++++ Stored data ++++

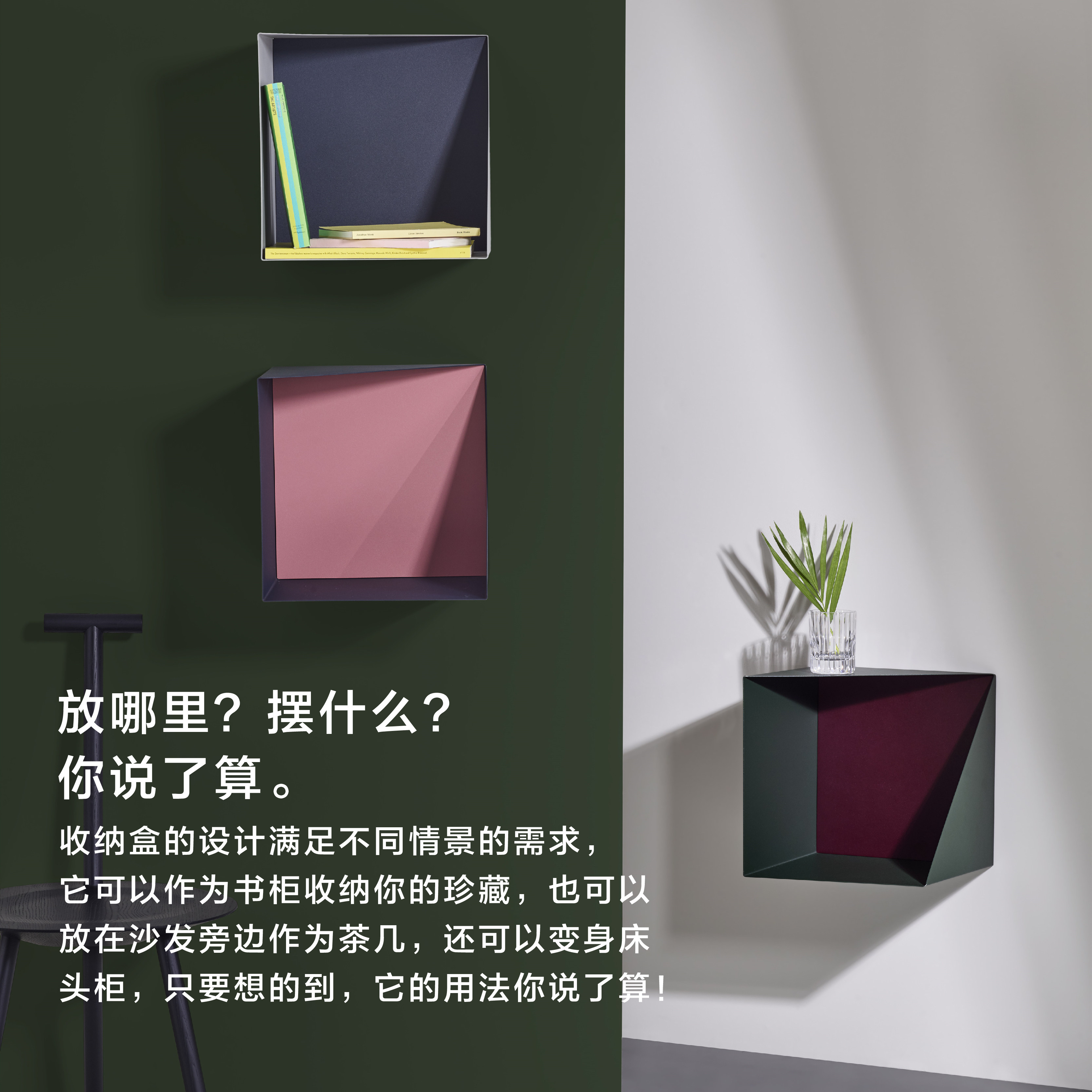 Deep blue 330 x 330 x 330 mm Cigarette Gray 330 x 330 x 330 mm Cedar Green 330 x 330 mm
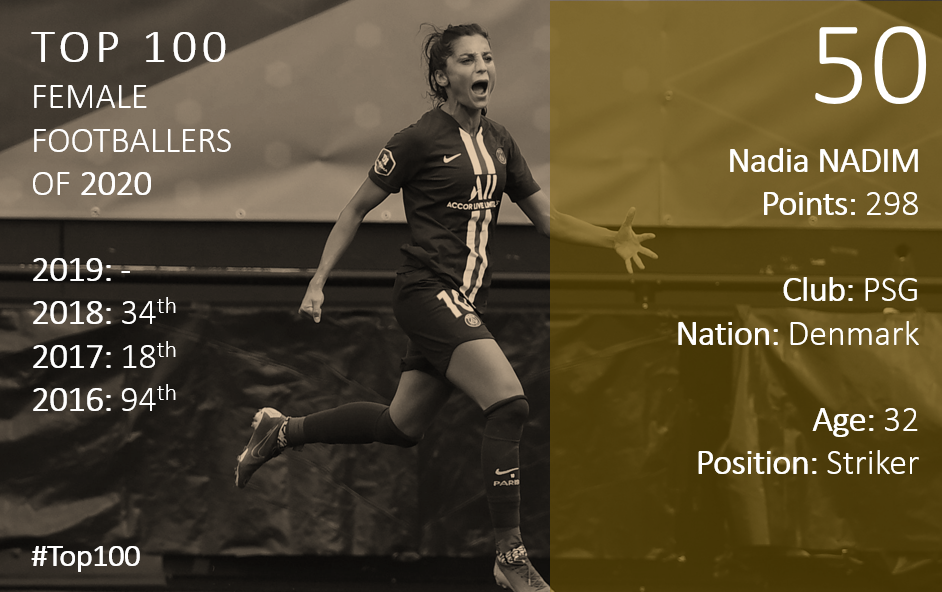 Nadia Nadim returns to the top 100 and indeed the top 50 this year after enjoying somewhat of a renaissance with French giants PSG. After a frustrating spell at Manchester City, Nadim hit good form early in 2020 before the league was postponed prematurely, but hasn’t allowed the spell with no football to hinder her good form. Nadim already has seven goals in six games in France this season, albeit with six of them coming in an incredible one game blitz against Issy in the league. Even if it unbalances her record somewhat, her form in front of goal is shown to be no fluke when looking at her international record, with five goals in her last few games for Denmark including two in an important 3-1 win over Italy.
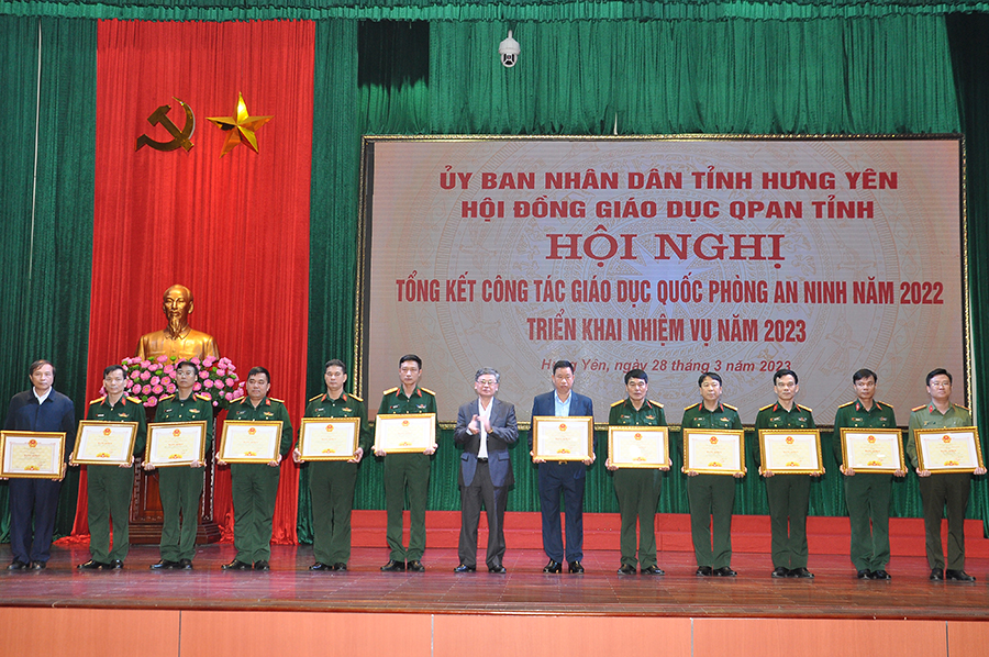Phó Chủ tịch UBND tỉnh Nguyễn Duy Hưng trao Bằng khen của Chủ tịch UBND tỉnh tặng các tập thể, cá nhân có thành tích xuất sắc trong công tác GDQP và AN năm 2022
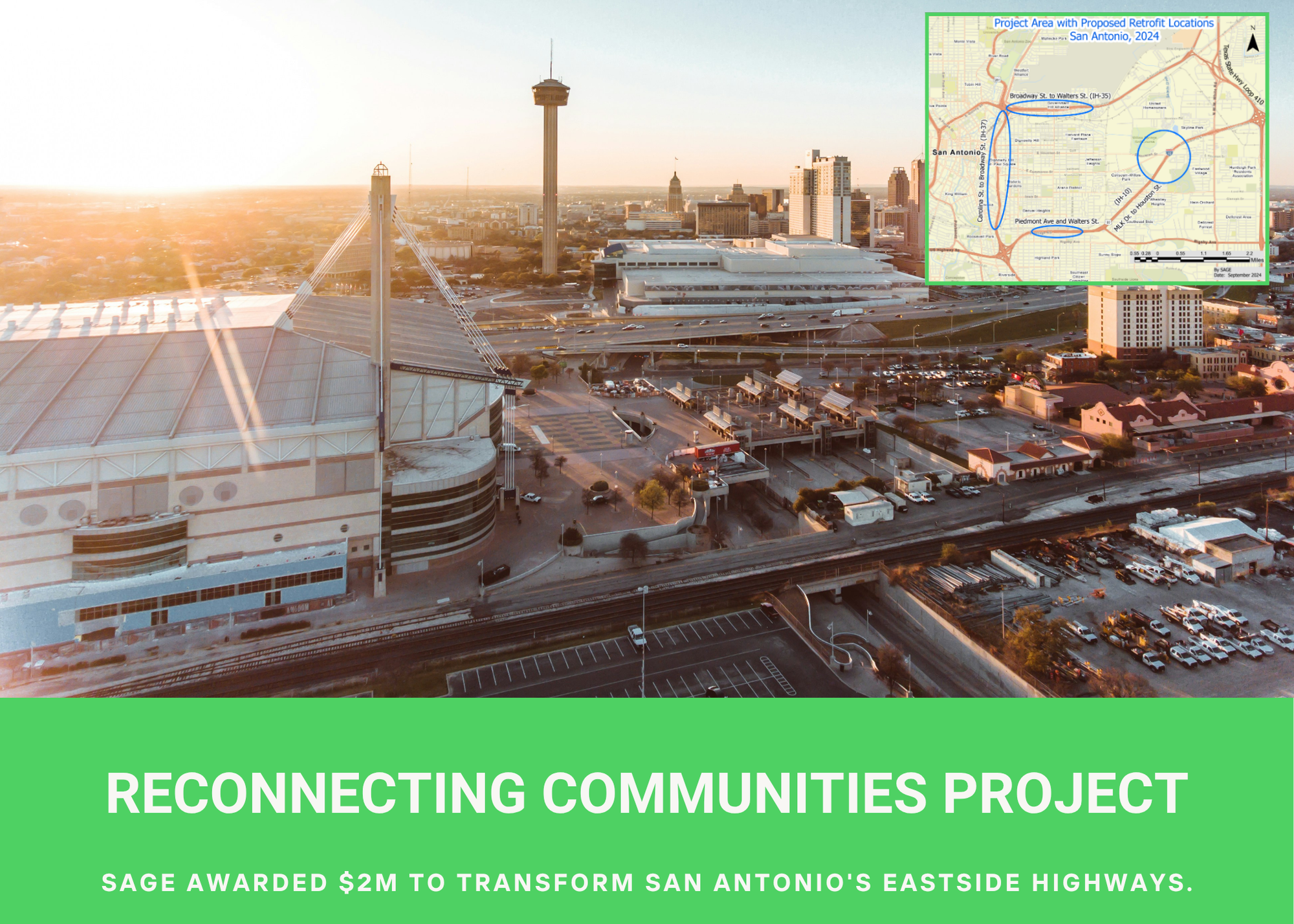 San Antonio for Growth on the Eastside, Inc. (SAGE) has been awarded a $2,000,000 USDOT Reconnecting Communities Project (RCP) planning grant to address longstanding barriers created by highways on San Antonio’s Eastside. The project focuses on developing a vision to cap, bury, and transform sections of IH-10, IH-35, and IH-37 into green, pedestrian-friendly spaces. This effort aims to reconnect historically divided neighborhoods, enhance mobility, and spur economic development.

++++

(Task prompt):
A word-for-word copy of all the data is required, minus the pictures.

(Solution to the problem):
 Deep blue 330 x 330 x 330 mm Cigarette Gray 330 x 330 x 330 mm Cedar Green 330 x 330 mm
 Nadia Nadim returns to the top 100 and indeed the top 50 this year after enjoying somewhat of a renaissance with French giants PSG. After a frustrating spell at Manchester City, Nadim hit good form early in 2020 before the league was postponed prematurely, but hasn’t allowed the spell with no football to hinder her good form. Nadim already has seven goals in six games in France this season, albeit with six of them coming in an incredible one game blitz against Issy in the league. Even if it unbalances her record somewhat, her form in front of goal is shown to be no fluke when looking at her international record, with five goals in her last few games for Denmark including two in an important 3-1 win over Italy.
Phó Chủ tịch UBND tỉnh Nguyễn Duy Hưng trao Bằng khen của Chủ tịch UBND tỉnh tặng các tập thể, cá nhân có thành tích xuất sắc trong công tác GDQP và AN năm 2022
 San Antonio for Growth on the Eastside, Inc. (SAGE) has been awarded a $2,000,000 USDOT Reconnecting Communities Project (RCP) planning grant to address longstanding barriers created by highways on San Antonio’s Eastside. The project focuses on developing a vision to cap, bury, and transform sections of IH-10, IH-35, and IH-37 into green, pedestrian-friendly spaces. This effort aims to reconnect historically divided neighborhoods, enhance mobility, and spur economic development.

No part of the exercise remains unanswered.